Any help would be appreciated!


----------



## Dan203 (Apr 17, 2000)

Even if they enable OOH streaming it will only work with unprotected content. In fact online.tivo.com will only ever work with unprotected content, even in home, due to Cable Labs rules. We had a discussion about this recently and to even display a protected show on a PC you have to protect against screen scraping or obscure like 70% of the image. Obviously obscuring the image isn't good for a player so they would need to protect against screen scraping. The only way to do that in Windows is to go full screen and then write directly to the graphic cards memory. The only program I know of that can do that is Media Center, and that's because it's part of the OS and able to access the video card differently then regular software. The Flash plug in, running in your browser, certainly couldn't do it. Maybe, maybe, they could do it if they wrote their own native software for Windows (not sure if there is a way for 3rd party software to work the same way as MCE or not) but certainly not through Flash in a browser.

I'd personally rather see them release apps for devices like Chromecast, Roku and FireTV that support the stream.


----------



## HarperVision (May 14, 2007)

gbruyn said:


> I've got a high end ASUS router and setup an OpenVPN server. Installed the software on my laptop, but I still get the same message on Tivo Online regarding not being able to verify location. Any help would be appreciated!

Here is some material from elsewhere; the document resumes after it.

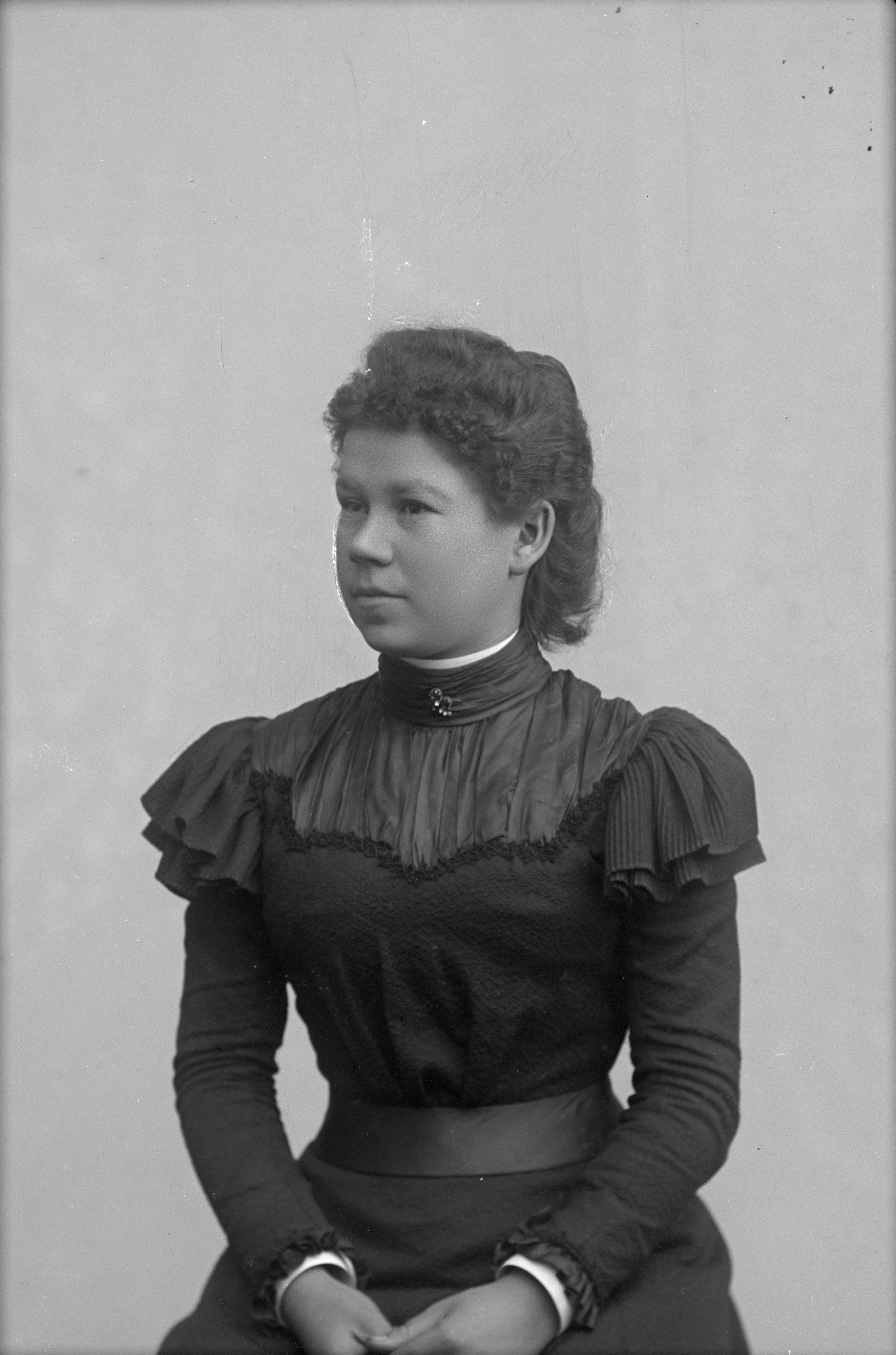 Beskrivning: Porträtt i halvfigur av Maria Bengtsson.

You have to make sure to check the option in your OpenVPN server's settings to "use this connection for the internet" or some such verbiage. That way all Internet traffic on your laptop when away from home connected to some wifi access point or ethernet cable will go through your home's router first and forwarded to you.


----------



## southerndoc (Apr 5, 2003)

HarperVision said:


> You have to make sure to check the option in your OpenVPN server's settings to "use this connection for the internet" or some such verbiage. That way all Internet traffic on your laptop when away from home connected to some wifi access point or ethernet cable will go through your home's router first and forwarded to you.


I have that selected on mine, but it still doesn't work. I can't get my Sonos system to register while away from home either.

However, if I go to a website to check my IP, it will list my home's IP address. So all traffic is going through the VPN as far as I can tell.

I'm using a Linksys LRT224 router with OpenVPN.


----------



## HarperVision (May 14, 2007)

geekmedic said:


> I have that selected on mine, but it still doesn't work. I can't get my Sonos system to register while away from home either. However, if I go to a website to check my IP, it will list my home's IP address. So all traffic is going through the VPN as far as I can tell. I'm using a Linksys LRT224 router with OpenVPN.


Is your Sonos connected via wifi at home? I had an issue trying to bridge the wired VPN to wifi devices. I just had a wifi adapter available so I just used that instead of the built in wifi since it plugged into a wired ethernet port of the router and then it worked.

I found a lot of good advice here:

www.smallnetbuilder.com


----------



## bradleys (Oct 31, 2007)

rspike said:


> I love the idea of being able to stream my Tivo Shows to my Laptop.
> 
> Problem is that it's currently restricted to *within* my own home network. Really? Anybody know when this functionality will be permitted across the internet --- particularly when I'm away from my home network and traveling?
> 
> Thanks in advance.


Install AMIDuOS and load the android app on your laptop. Allows OOH streaming both wifi and Cellular.


----------



## southerndoc (Apr 5, 2003)

HarperVision said:


> Is your Sonos connected via wifi at home? I had an issue trying to bridge the wired VPN to wifi devices. I just had a wifi adapter available so I just used that instead of the built in wifi since it plugged into a wired ethernet port of the router and then it worked.
> 
> I found a lot of good advice here:
> 
> www.smallnetbuilder.com


4 of my 7 Sonos devices are hardwired.


----------



## HarperVision (May 14, 2007)

geekmedic said:


> 4 of my 7 Sonos devices are hardwired.


I'm stumped without seeing all the settings. I suggest going to the forum I linked and check things out there. I'm by no means an expert with VPNs so that's what I did to get where I am. I don't even remember how I got here!


----------